# Spring Blooms



## Aisha (May 2, 2007)

The bees are very excited about ornamental holly and black locust right now. This black locust is right above my hives. 









This is Yaupon holly which is a Texas native tree planted in many landscapes.
http://farm3.static.flickr.com/2212/2384016735_f1c629f393_o.jpg

Indian Hawthorn bushes provide nectar and pollen. Urban landscape plant.
http://farm3.static.flickr.com/2197/2384847492_7a0e416216_m.jpg

And a few more, including willow, clover and broccoli flower:
http://www.flickr.com/photos/wellspring-hypnosis/

Enjoy.


----------



## Jeffzhear (Dec 2, 2006)

Very pretty pictures! I really need to start carrying my camera around with me...


----------



## MapMan (May 24, 2007)

Makes me envious. We're still dealing with vestiges of snow here. Are holly blossoms fragrant? I think of orange blossoms being very fragrant, but we don't encounter too much holly in these parts.

MM


----------



## Oldbee (Sep 25, 2006)

I liked your photos, Aisha. What was interesting is how the "Yaupon holly" flowers are so small compared to the fruit that is still attached. One would maybe over look that in observing bees collecting nectar or pollen from flowers.

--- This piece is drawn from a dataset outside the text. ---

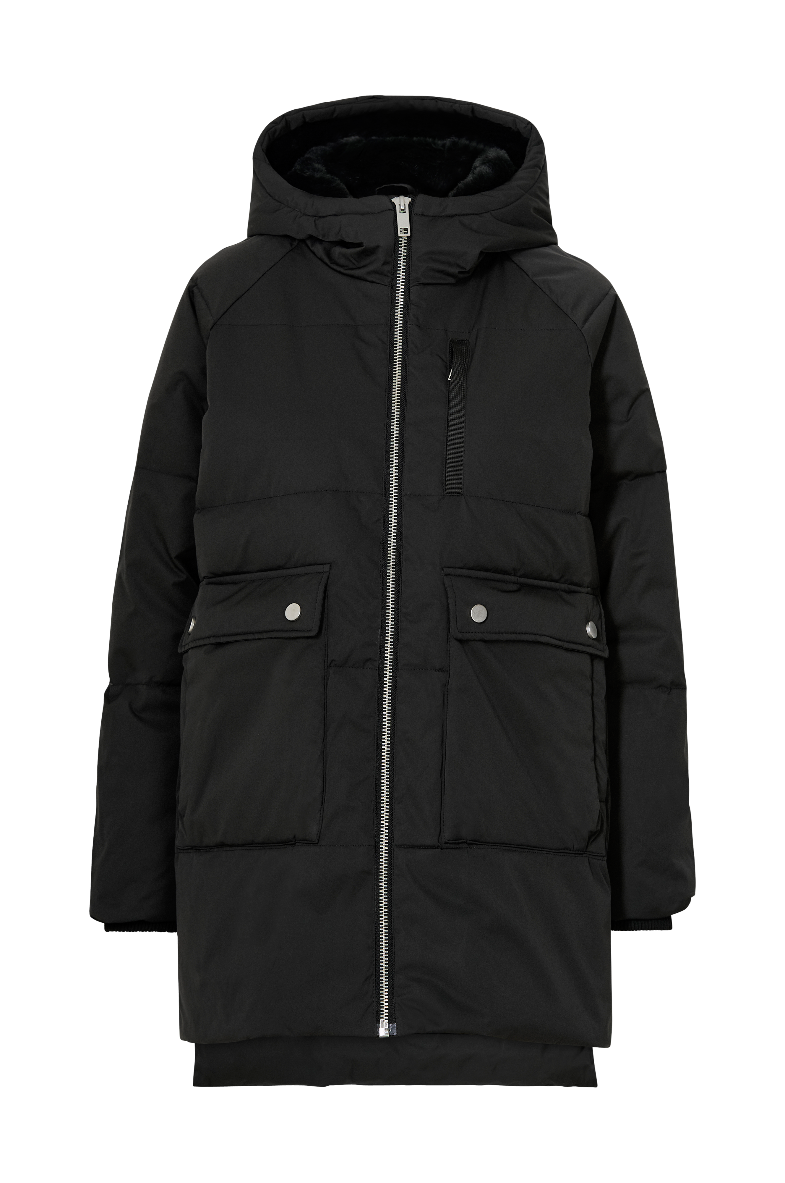 • Vannavstøtende yttermateriale• Tre lommer foran• Fast hette med foring i kunstig skinn• Ribbet mansjett i ermeslutten• Glidelås nede i sidene for justerbar vidde• Lengde: 77 cm i størrelse S

I went to,... www.botany.wisc.edu/herbarium,.. and saw that we have wood sorrel [yellow] also. The most common is 'Oxalis stricta'. Notice beekeepers! the name,.. "Oxalis",.like 'oxalic acid'. I will have to watch for that this early summer. It seems to be a small flower that may not be thought of as a nectar/pollen source. Thanks!


----------



## Aisha (May 2, 2007)

Jeffzhear said:


> Very pretty pictures! I really need to start carrying my camera around with me...


Thanks! It's fun, and seeing what the bees are into is great motivation to get outside, walk and exercise. It's my first spring so beekeeping still has a lot of novelty and wonder to it. 

I use a little Sony Cybershot DSC-W55 that easily fits in a pants pocket. For a cheap little camera it takes great pics.


----------



## Aisha (May 2, 2007)

MapMan said:


> Makes me envious. We're still dealing with vestiges of snow here. Are holly blossoms fragrant?


I don't think holly is fragrant, but black locust flower fragrance is to die for. I put some cuttings all over the house so I can smell it as I walk by or when a breeze blows in. It's amazing. I see why the bees work so hard to get into the orchid-like flowers.


----------



## Aisha (May 2, 2007)

Oldbee said:


> I went to,... www.botany.wisc.edu/herbarium,.. and saw that we have wood sorrel [yellow] also. The most common is 'Oxalis stricta'. Notice beekeepers! the name,.. "Oxalis",.like 'oxalic acid'.


Wow, I never made that connection. It's a common lawn weed that I will have a lot more of now that the bees are into it. I wonder if the oxalic acid in the nectar helps with mites? Good eye!


----------